TSUNAMI READING LIST
I visited Thailand in December, 2004. I brought a field camera, and my traveling companion and I packed a stack of books.

I found it very difficult to make photographs in an unfamiliar culture. I felt self-conscious about making ethnographic images. At the same time, while I was physically immersed in a foreign place, I was mentally entangled in the European and American landscapes described in our bedside library. While I battled the heat and mosquitoes and ate coconut curries, I read Didion and Proust.

We had packed more books than clothing. “Catching up on reading” became a way to relocate. We were in Thailand to visit my companion’s sister and her family. Her home was at the guesthouse she ran in Southern Thailand, a beachside “paradise” for those inclined towards that sort of beachside thing, which we were not.

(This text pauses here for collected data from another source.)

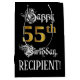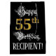 Den här ornitade och opulenta presentsäcksdesignen med födelsedagstext innehåller budskapet "Lycklig 55:e födelsedag", plus en personlig som tar emot namn. En del av meddelandet finns i en utförlig text med skript-stil. Det stora antalet "55:e" har ett faux/imitation guld-inspirerat utseende mönster. Bakgrunden är svart på färgad. En dylik födelsedagsäck kan vara ett respektabelt sätt att figurera en gåva eller present som ges för att fira någons femtiofemårsdag. [~Z0000560]
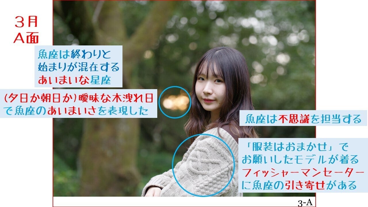 (夕日か朝日か)あいまいな木洩れ日で魚座を表現
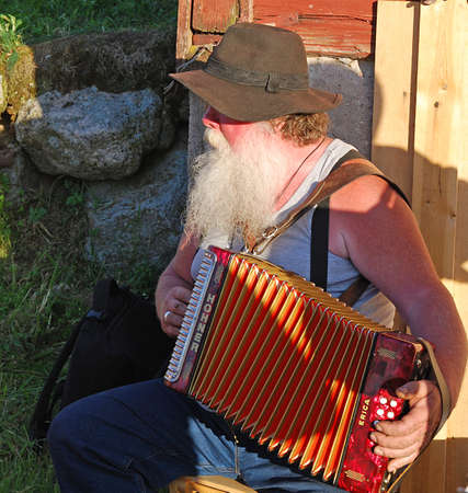 Street performer playing music on a vintage accordion squeeze box
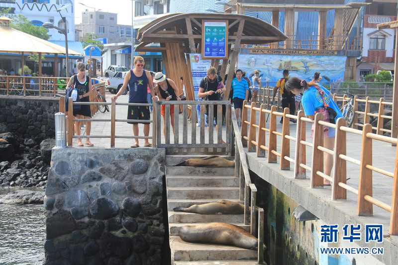 海獅三三兩兩地在圣克里斯托巴(San Cristobal)島的碼頭上休憩。
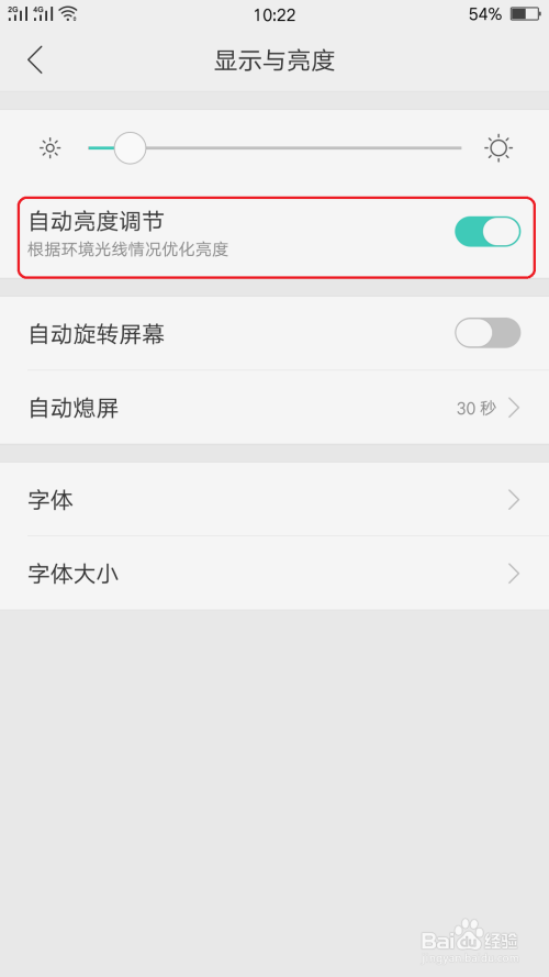 进入显示与亮度界面,将【自动亮度调节】的开关关闭即可。

The books we’d chosen to bring to Thailand were histories, memoirs, and stories of dysfunctional families. Some of the titles – “We Took to the Woods,” “Where I Was From,” “In Search of Lost Time,” “Hell,” “The War Zone” – seemed both nostalgic and foreboding. I found the titles disturbing and ominous.

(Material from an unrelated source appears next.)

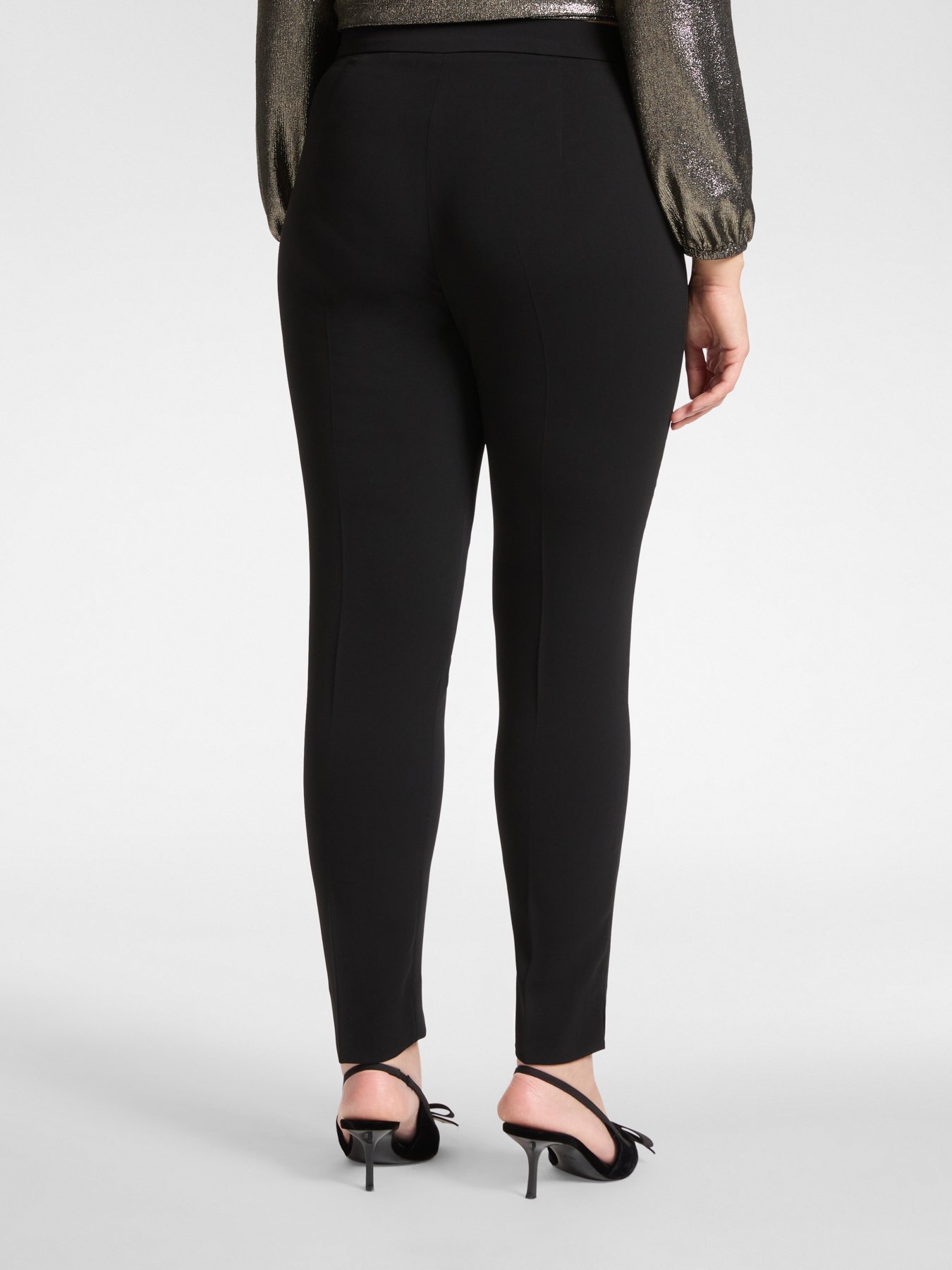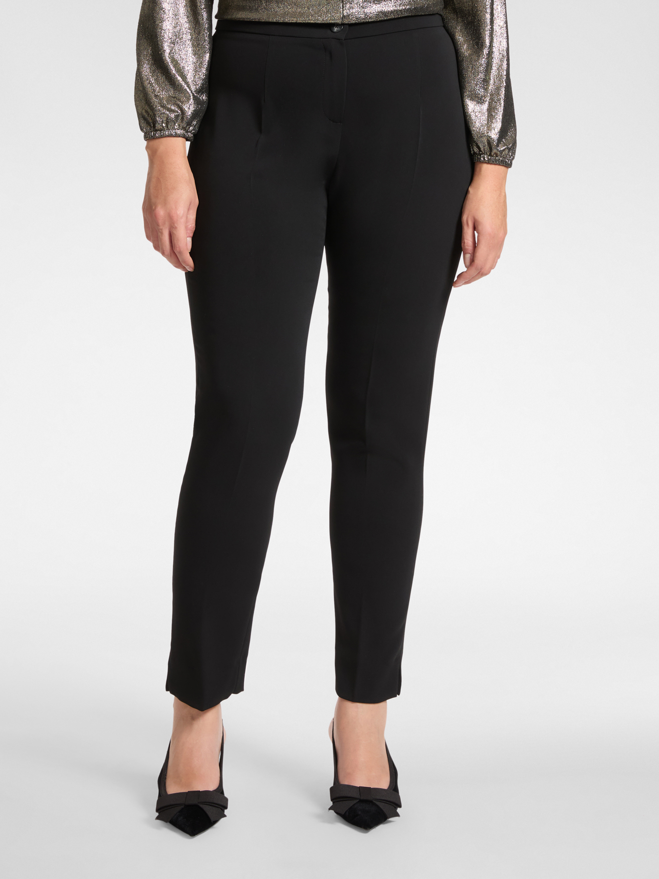 Брюки облегающего кроя из эластичного кади. Простая модель, которая украсит ваши повседневные образы. Стандартная талия, застежка на пуговицу и молнию, разрез и заутюженная стрелка. Повседневный комфорт и современная элегантность.

I began photographing the books in and around the guesthouse shortly before Christmas. In some ways, I felt closer to the text than I did to my physical surroundings.   For the most part, the books are not arranged for the camera. They are photographed on tables, chairs, beds, and shelves.

After the tsunami struck land, the gloomy titles became more descriptive of our visit and I became slightly superstitious about the project.  I continued taking pictures in Bangkok, where we holed up in an American hotel, eating Asian pears, watching the news, wandering the streets, and reading about Europe.